IN 1499, THE FIRST EUROPEANS to reach, the South American mainland came in sight of Colombia’s Caribbean coast They would have spied snow-crested mountains rising ahead of the bow made of Spanish timber. Sailing closer, they saw a spine of green hills and a strip of white-sand beaches. Finally, standing on the cusp of the new world, they encountered indigenous tribes, thatched villages and a rainforest that stretched into the heart of the continent.
In the five centuries since then, rainforests have been felled, cities built and many indigenous cultures lost across Colombia and South America. Yet Tayrona National Park is a pocket of Caribbean shore preserved: a slice of land appearing much as it would have long ago to a Spanish sailor’s eyes. Well, more or less. Wandering along the beach, it’s unclear what the conquistadors of Castile would have thought of beachfront bars blaring out reggae, or corrugated shacks serving up plates of red snapper and coconut rice to peckish sunbathers. It’s doubtful whether they would have taken a siesta in the hammocks that line the seafront, the fabric stretched and deepened by years of post-lunch naps.
But this is only one side of the park. From the beach, a few little paths wander vaguely through mangrove swamps and climb up into the hills. The sounds of crashing waves and human voices retreat, the buzz of hummingbirds and the hoots of howler monkeys grow louder. Iguanas scamper among the leaf litter and on all sides is dense jungle, sometimes visited by jaguars on their night-time prowls. The trail becomes wilder too: knotted ropes are on hand for scaling boulders, rickety bridges span mountain streams.

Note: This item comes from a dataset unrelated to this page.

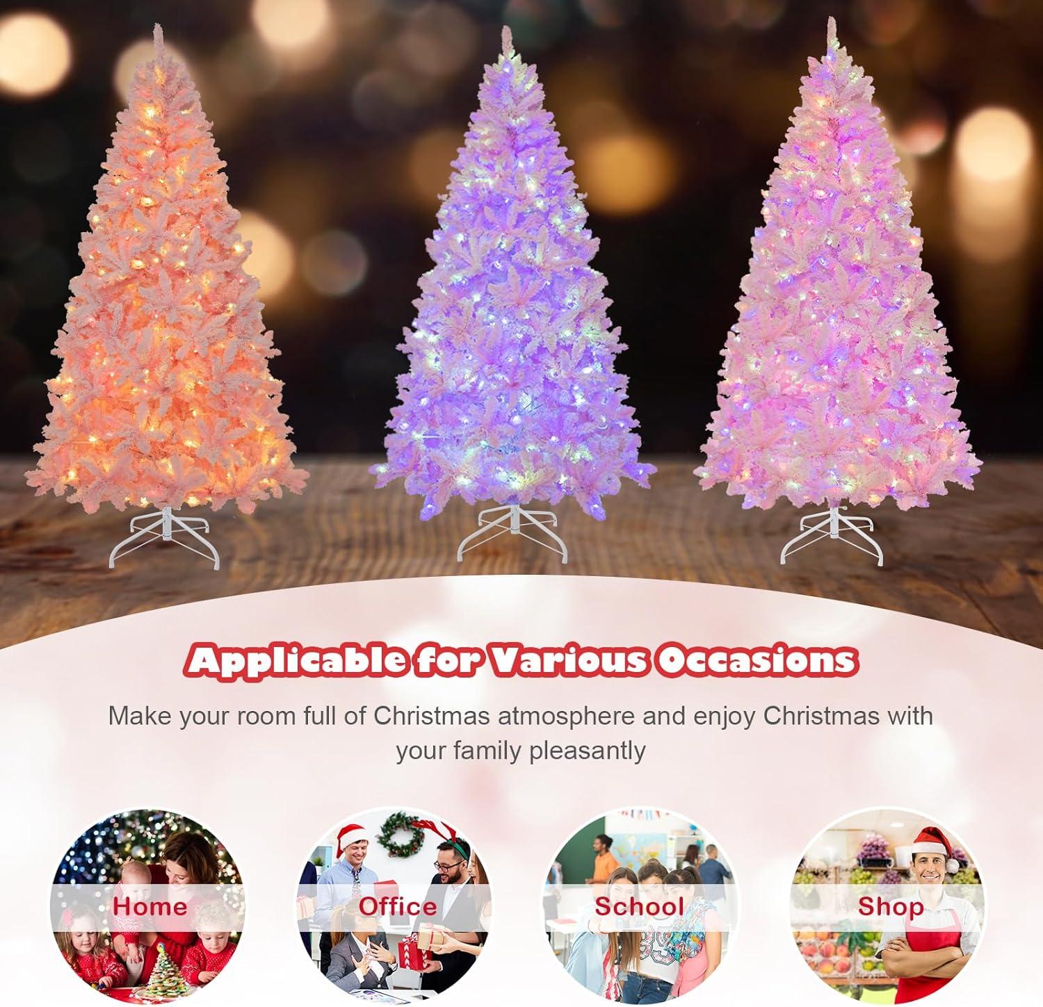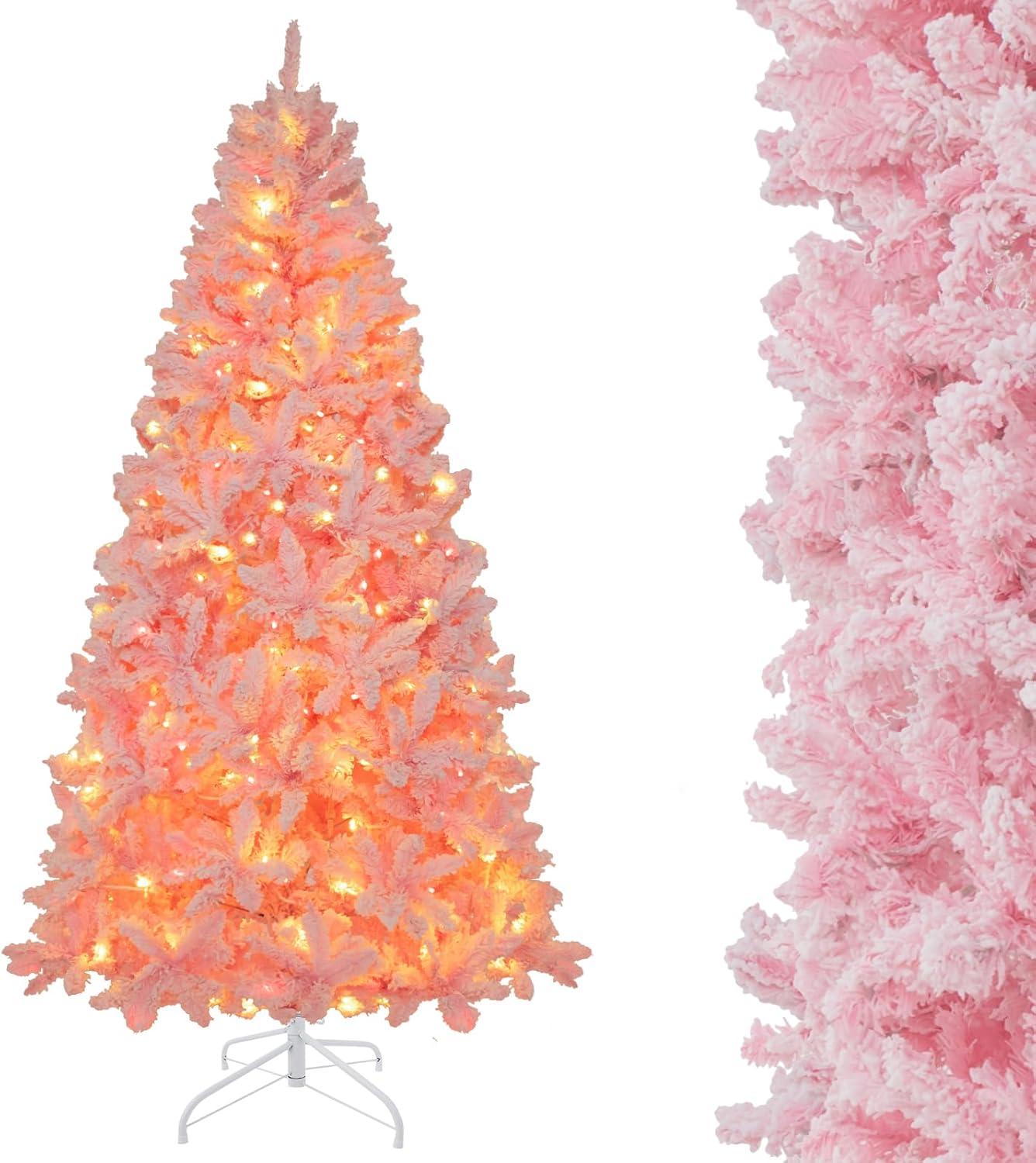 Elevate your holidays with our pre-lit pink snow flocked artificial Christmas tree—a charming, low-hassle centerpiece for any indoor space!

The reward for a two-hour climb from the beach is arriving at Pueblito -translating into English as ‘little village’. This is something of an overstatement, with just two or three thatched huts belonging to the indigenous Kogi tribe set in a forest clearing. The huts rest on foundations laid long before Columbus stood on the sands of the New World, It offers a small insight into pre-conquest life across the Americas: chickens clucking about the terraces, smoke rising from a hearth, sacred places hidden in the ravines around the village where ceremonies are performed and no outsider may step.
The silence is total but for the cooing of doves in the cashew trees, and the swish of the Caribbean wind swaying the high canopy. ‘I could never live outside this forest,’ says Manuel Sauna Digala, an elder of the tribe, sitting in the sunshine outside one hut and sporting a flowing white robe, ‘Pueblito is the inheritance from my ancestors and they chose well, I want to live forever in this forest. And when I die I want to be buried here, too.